Thermofisher.com Thermofisher.com

Data privacy and security 

We believe every colleague is responsible for safeguarding data and maintaining the trust our customers place in us. 

Internal Image

Data privacy

As a company engaging in the ethical collection, use, management and safeguarding of personal data, our global privacy program is designed to maintain adherence with core data privacy principles and to protect the fundamental rights and freedoms of any individuals, or data subjects, who entrust us with their information. These data subjects can include our colleagues, customers, patients, suppliers, business partners and visitors to our websites. 
 
Our Global Privacy Notice outlines how we handle any information that can directly or indirectly identify an individual. It is continually reviewed for compliance with applicable laws and regulatory guidance in jurisdictions where we operate. In addition, all colleagues are regularly trained and re-certified on our policies and applicable data protection laws. 
 
For effective implementation of our global policies and standards, our privacy Centers of Excellence (CoEs) support our businesses in collecting and handling data in a manner that protects our colleagues, customers and other data subjects. We apply the widely recognized Privacy by Design framework to our program, proactively incorporating privacy into the design and operation of information technology (IT) systems and networked infrastructure and business practices. For comprehensive program monitoring, our privacy management platform is used to document legal and compliance activities, including privacy assessments and investigations, contract reviews, individual rights requests and relevant due diligence of third parties. 

Cybersecurity  

Our commitment to cybersecurity emphasizes the use of a risk-based, “defense in depth” approach to assess, educate, block, identify, respond to and recover from cybersecurity threats. Recognizing that no single technology, process or control can effectively prevent or mitigate all risks, we incorporate cybersecurity into our overall risk management process. We employ a suite of technologies, processes and controls, all working independently and as part of a cohesive strategy, to manage or reduce risk. 
 
Our cybersecurity program has earned an ISO 27001 certificate, a globally recognized and annually renewed standard for information security management systems. Our program assists in the management of risks associated with the confidentiality, integrity and availability of data and systems both within the company environment and for our products and services to customers to effectively support our business objectives and customer expectations. We seek to routinely refine our cybersecurity approach to adapt to changes in the threat landscape and manage emerging security risks. 
 
To reinforce vigilance and raise awareness of cybersecurity threats, we regularly educate and share best practices with our colleagues. Our training program includes frequent exercises, periodic cyber event simulations and annual attestation to our Technology Acceptable Use Policy. 

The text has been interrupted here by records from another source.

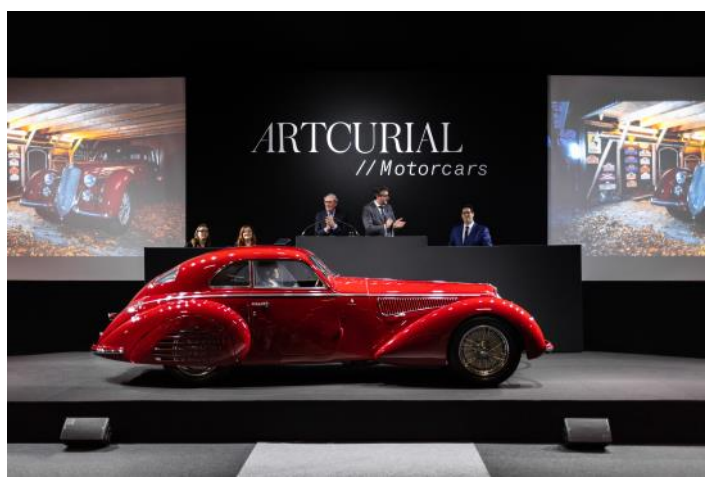
8C2900B Lungo Touring Berlinetta at Artcurial

After passing through the hands of a few British owners, the car came into the long-term ownership of a Dutch collector family. The consigning owner was present when his father purchased the car for €11,000 43 years ago. The car has never been comprehensively restored, although it has been repainted and slightly modified over the years. It was used as a daily driver for a period of time and has enjoyed continual maintenance and use. The car joins the three other Touring Berlinettas in the U.S., two of which have won the top award at Pebble Beach.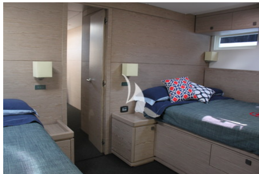
Master's cabin: 2 double beds French size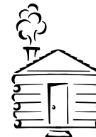
Damascus Health Center

More information on cybersecurity governance and risk management is available in our Annual Report on Form 10-K. 

Artificial intelligence 

The use of artificial intelligence continues to evolve and has the potential to advance our Mission and deliver value for our customers and colleagues. 
 
Our artificial intelligence and machine learning (AI/ML) is overseen by our AI Leadership Committee. Our Generative AI Center of Excellence (CoE), which comprises cross-functional leaders, advises on strategy, regulation, policies and frameworks. In addition, our Bioethics Committee continues to monitor the evolving landscape and technological implications of AI/ML.  
 
We have long harnessed AI/ML in our products and services. Our approach ensures solutions are designed, implemented and used fairly, ethically and safely. This includes the responsible use of data for model development and training as outlined in our Responsible AI (RAI) framework, which is underpinned by our global RAI policy, aligns AI use to our Mission and strategy and guides colleague conduct to manage AI-related risks. 
Our internal generative AI platform, introduced in 2023, has the flexibility to support multiple large language models today and will support other functionality in the future. As we strive for thoughtful and ethical AI use, we are optimistic these technologies can continue to enable colleague success that accelerates high-impact innovation and strengthens our customer value proposition.